6. Build a pragmatic year one and year two roadmap, based on the results of the points above, addressing gaps, challenges, specific objectives and key results.

Figure 1. Personalization Maturity Curve

The journey towards the desired personalization state is an incremental one. We have defined three stages in that journey (see figure 1):

Static: This stage is where most organizations currently operate. Personalization, if any, is limited to specific channels, relying on low levels of technology, and are employed in more of a shotgun approach. Personalization begins by using customer-defined characteristics such as preferences.

Rules-based: As organizations start to apply segmentation to their personalization efforts, different experiences may be presented based on assumptions made on what segment a specific customer may belong to. Technology use here is reliant on simple “if-then” algorithms with some connections between channels.

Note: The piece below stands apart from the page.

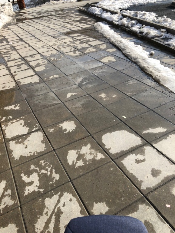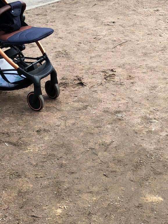 И поехали сразу гулять по нашему обычному маршруту выходного дня: асфальт, немного плитки разного типа, дорожки, парк, гравий.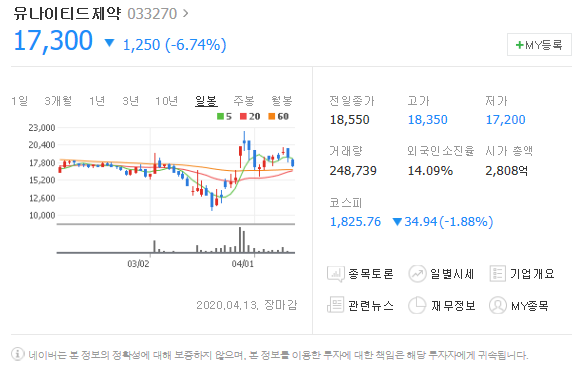 클로로퀸관련주 유나이티드제약 일봉 월봉

Behavioral: When the organization’s capabilities move to this stage, customers may experience personalization that is specific to them and their exhibited behaviors. Such levels of personalization require machine learning technology, coordinated data routines and integration across channels. Even within this stage there are levels where behavioral-based personalization starts slow within a channel or even just a single kind of experience building up to the full target state.

Meet Expectations or Expect to Fall Behind

Building a personalization capability to match the expectations of the modern banking consumer is a complicated task. However, it is one that is required to maintain or improve a bank’s position in the market.

Ultimately, customers already expect that banks know them and provide relevant offers, content and personalized support based on who they are, where they are in the customer journey and what they’re doing. If banks don’t meet these expectations, they will fall behind the competition and may never recover.